Cumhurbaşkanı Abdullah Gül, 2014'ün ilk ziyaretini İtalya'nın başkenti Roma'ya yapıyor.
Dünya tarihinin iki derin kenti, dünün Doğu Roma'sı İstanbul'la, Yeni Roma arasında farklı bir ilişki var ve o yeni bir biçimle sürüyor. İki ülke, Türkiye ve İtalya arasında da geçmişe dayanan ve bugün de süren derin ilişkiler var. Yeşilköy Havaalanı'na gittiğimde şaşırıyorum. Geziye 200'e yakın işadamı katılıyor.
Bunun basit cevabı, İtalya'nın yakın bir ülke veya modanın merkezi olması değil, İtalya'nın bir KOBİ ülkesi olması. Bu nedenle farklı bölgelerden çok sayıda işadamı İtalya yolcusu.
Sadece bu da değil, İtalya, Türkiye'nin AB yolculuğuna da en büyük desteği veren ülkelerden.
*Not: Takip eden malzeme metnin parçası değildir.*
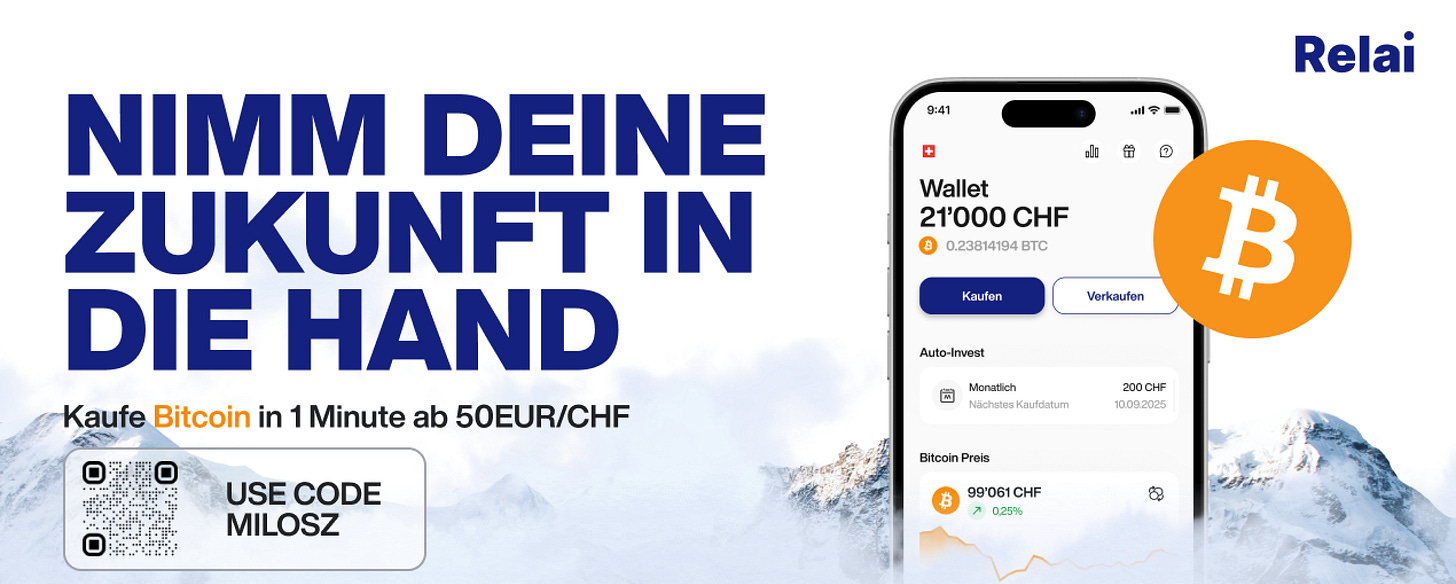 Oft höre ich: Bitcoin ist so volatil – wann steigt man am Besten ein? Das beste Trading ist das Non-Trading. Bei RELAI können Sie individuelle Sparpläne einrichten, wöchentlich oder monatlich: So kaufen Sie immer zum besten Durschnittspreis und können langfristig mit der besten Spartechnik selbstverwaltetes Vermögen aufbauen. RELAI steht Ihnen ab jetzt im gesamten EU-Raum zur Verfügung, mit dem Code MILOSZ sparen Sie Gebühren (keine Finanzberatung). Haftungsausschluss: Relai ist gemäss dem MiCA-Regulierungsrahmen berechtigt, Krypto-Asset-Dienstleistungen in der Schweiz und in der gesamten Europäischen Union anzubieten. Nach Abschluss der Passporting-Verfahren baut das Unternehmen seine Dienstleistungen aktiv auf weitere EU-Mitgliedstaaten aus.
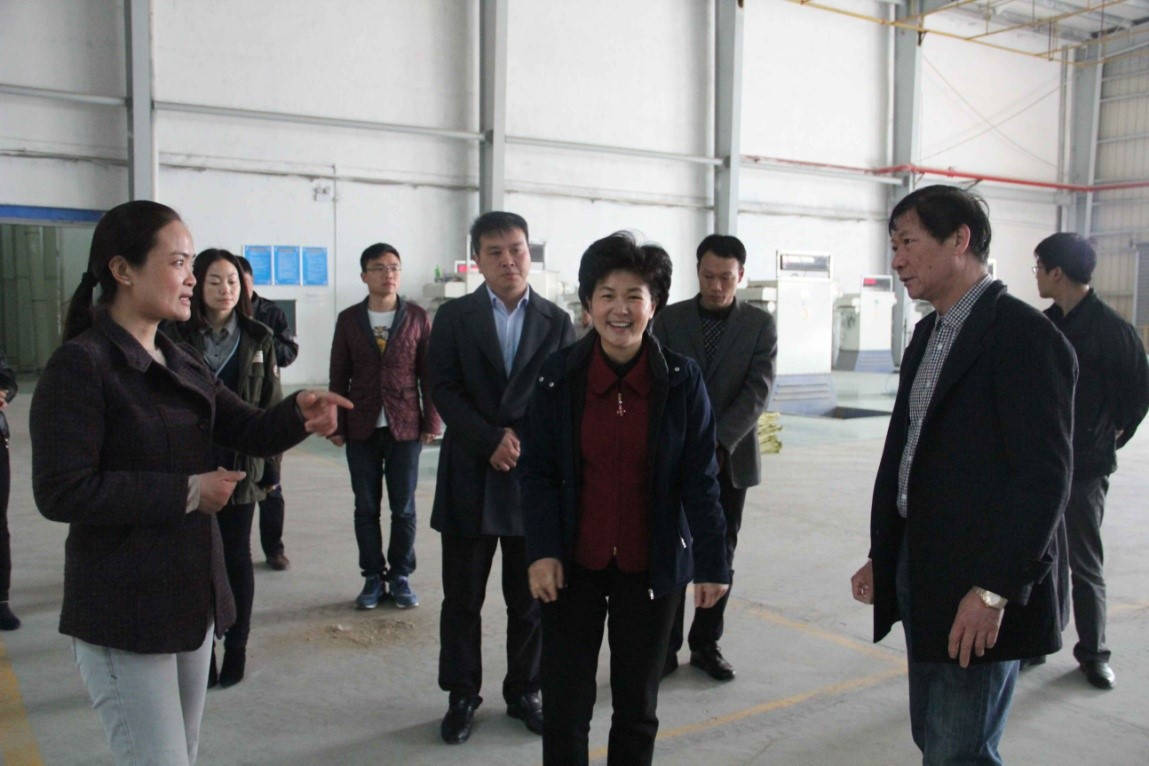 圖1.陳成發(fā)董事長(右二)陪同周文霞市長(右四)參觀工廠

Cumhurbaşkanı Gül özellikle bunun altını çizdi: "Tam üyelik konusunda, AB içindeki büyük ülkeler arasında İngiltere hariç bize bu kadar büyük destek veren yoktur."
Bu nedenle İtalya gezisi, Türkiye'nin 2014'te hızlı başladığı AB ilişkilerinin önemli bir parçası. Hele AB dönem başkanlığının bir süre sonra İtalya'ya geçeceği düşünülürse...
Gezinin ilk günü konuştuğumuz Cumhurbaşkanı Gül, AB ile ilişkilerin neden önemli olduğuna dair iki önemli noktaya dikkat çekti:
Birincisi demokrasi ve hukuk standartlarıydı. Cumhurbaşkanı Gül, AB ile ilişkilerde bu standartların önemine değiniyor ve şöyle diyordu:
"Biz nihayette demokrasiye, hukukun üstünlüğüne inanan, temel hak ve özgürlüklerin AB standartlarında olması için gayret sarf eden bir ülkeyiz. Son on yıldaki reformların özü de budur. Bu şundan dolayı da elzemdir... Türkiye petrolü, doğalgazı olan bir ülke değil. Türkiye'nin zenginliği, dinamik insan gücü, genç nüfusu ve çalışkan insanlarıdır. Bu zenginliği, hukukun üstünlüğü standartları ve demokrasi ile birleştiği zaman Türkiye'nin gücü ortaya çıkar. Onun için bütün bu standartları güçlü hale getirmeye çalışıyoruz. Onun için AB ile ilişkilerimiz çok önemli."
AB ile ilişkilerdeki ikinci önemli ayak ise ekonomiydi... Cumhurbaşkanı Gül, Avrupa pazarının Türkiye için ne anlama geldiğini, yaşadığı tecrübelerden yola çıkarak anlatıyordu:
"Ekonomik açıdan baktığınızda da ticaretimizin yarısı Avrupa ile. Başka hangi ülkeye giderseniz gidin, Avrupa kadar zengin değil. Yeni pazarlar için çok uğraşıyoruz. Ben 12 Afrika ülkesini ziyaret ettim. Afrika'dan 18 cumhurbaşkanı ağırladım. Ne olursa olsun hepsinin milli geliri, güçleri bellidir. Dolayısıyla AB ile ekonomik ilişkilerimizi asla küçümseyemeyiz, ihmal edemeyiz. Türkiye'ye doğrudan yatırımlara, tahvil alımlarına baktığımızda ana kaynak yine Avrupa'dır. Bu, ayrıca başka ülkelerle ilişkilerimize alternatif değildir. AB ile ilişkilerimizin gelişmesi Ortadoğu ile İslam dünyası ile Orta Asya ülkeleriyle zayıflaması anlamına gelmez. Tam tersine burayla güçlü olması bizi diğer dünyalarla çok güçlü ve itibarlı hale getirir. Ayrıca demokratik, siyasi, hukuk standartları güçlü olan bir ülkenin kendi halkı nezdinde itibarı artar, dünyada da... Böyle geniş bir açıdan bakıldığında, bu ilişkilerimizin değeri açıktır. Bu çerçevede son temasların hepsinin yararlı olduğunu düşünüyorum."
Türkiye demokrasisini, hukuk standartlarını yükseltmek, ekonomik ilişkileri geliştirmek isterken 17 Aralık'ta ülke Cumhurbaşkanı'nın deyimiyle "türbülansa" sokulmuştu. Peki bu doğal mıydı? "
Hak etmediğimiz bir ortam içindeyiz. Hak etmediğimiz tartışmalar yaşanıyor. Nasıl kaynaklandı, ne oldu, bu ayrı bir konu."